Além da cena de agressão, as montagens continham mensagens provocativas tanto políticas quanto futebolísticas, como “o Brasil mandou e desmandou no campo e na política” e “o hexa é nosso”. Essa exibição gerou confusão entre os paraguaios, que reagiram derrubando os painéis com chutes e empurrões, próximo à Ponte da Amizade.

Em suas redes sociais, Peña lamentou a instalação dos cartazes ofensivos, afirmando que ações desse tipo não favorecem o entendimento e o respeito entre os povos. Ele destacou a importância de manter uma relação harmoniosa e construtiva entre Brasil e Paraguai, especialmente em um momento em que o país atravessa um período de crescimento e atração de investimentos.

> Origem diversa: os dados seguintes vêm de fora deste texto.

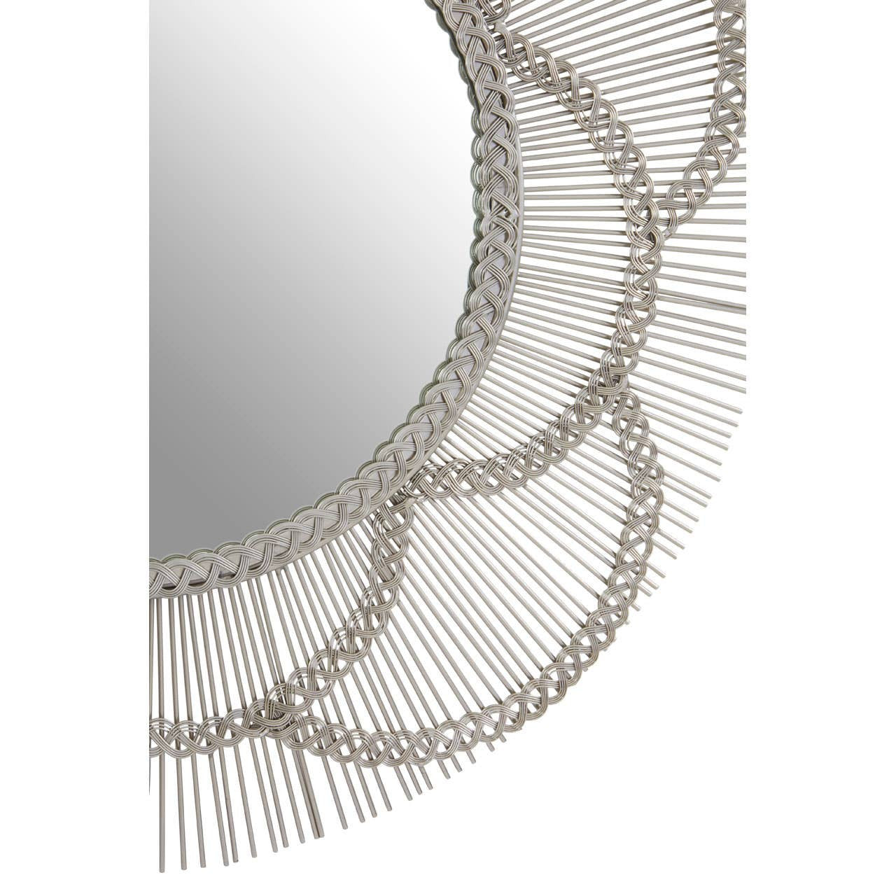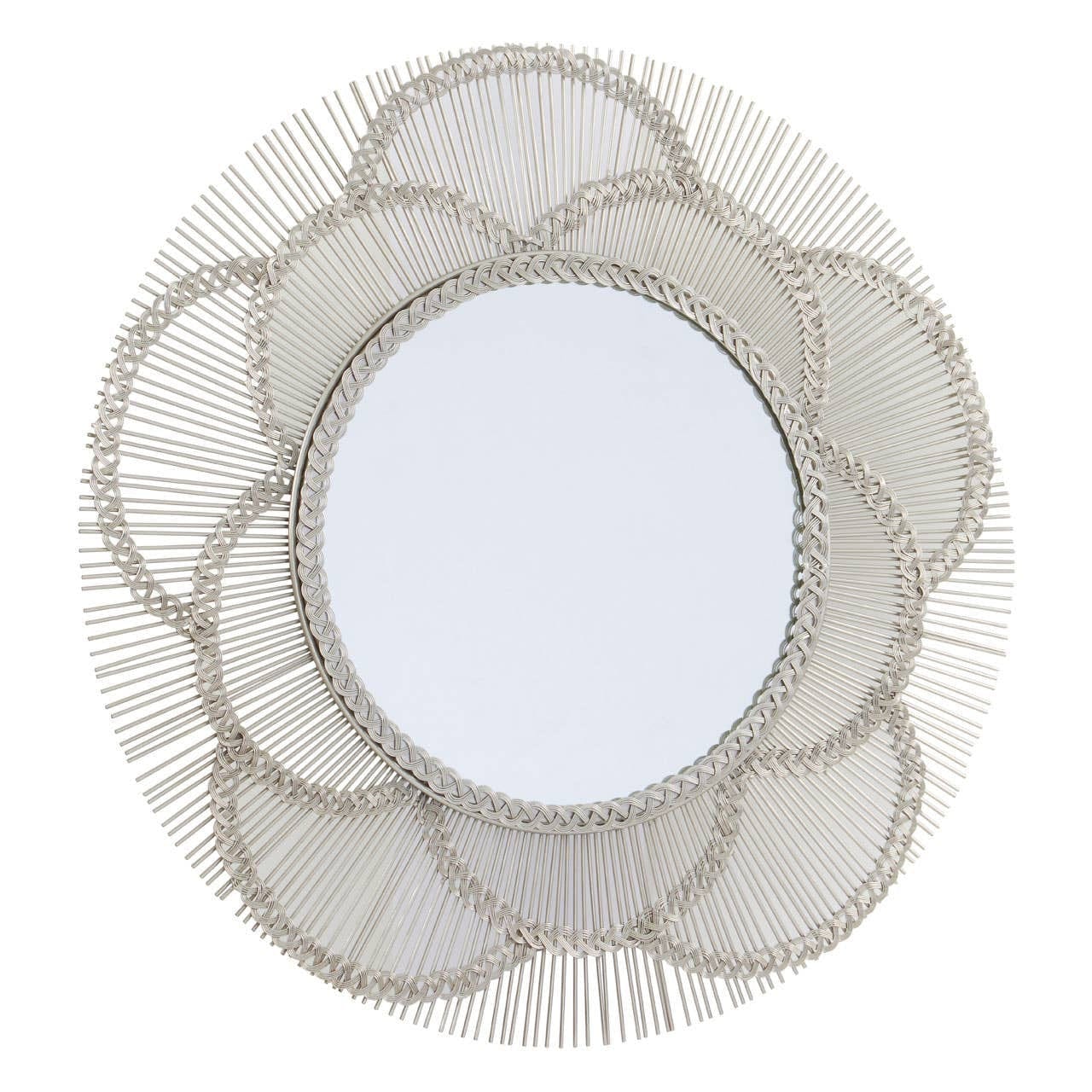 A weave of semi-circular lines surround the reflective glass centre, creating a petal effect. These are backed by slim lines that serve to accentuate the design. Made form smooth iron, the nickel coating enhances the reflective appeal of this chic accent piece.

Ainda nas suas declarações, o presidente paraguaio ressaltou que o Governo do Paraguai tomou providências imediatas, ordenando a retirada das imagens por parte do Ministério de Obras Públicas e Comunicações. Além disso, a prefeitura de Ciudad del Este anunciou a abertura de uma investigação, que foi encaminhada ao Ministério Público.

Gustavo Gómez, convocado pelo técnico Gustavo Alfaro, faz parte do elenco paraguaio que disputará a Copa do Mundo. A lista final de 26 jogadores ainda não foi divulgada, mas na prévia, com 55 nomes, constam outros seis atletas que atuam no futebol brasileiro, incluindo Carlos Coronel (São Paulo) e Junior Alonso (Atlético).

O incidente gerou um clima de tensão na região, refletindo a rivalidade histórica e o contexto político entre os dois países. O episódio evidencia como questões esportivas podem interagir com a política e provocar reações intensas entre os cidadãos, especialmente em momentos de competição internacional.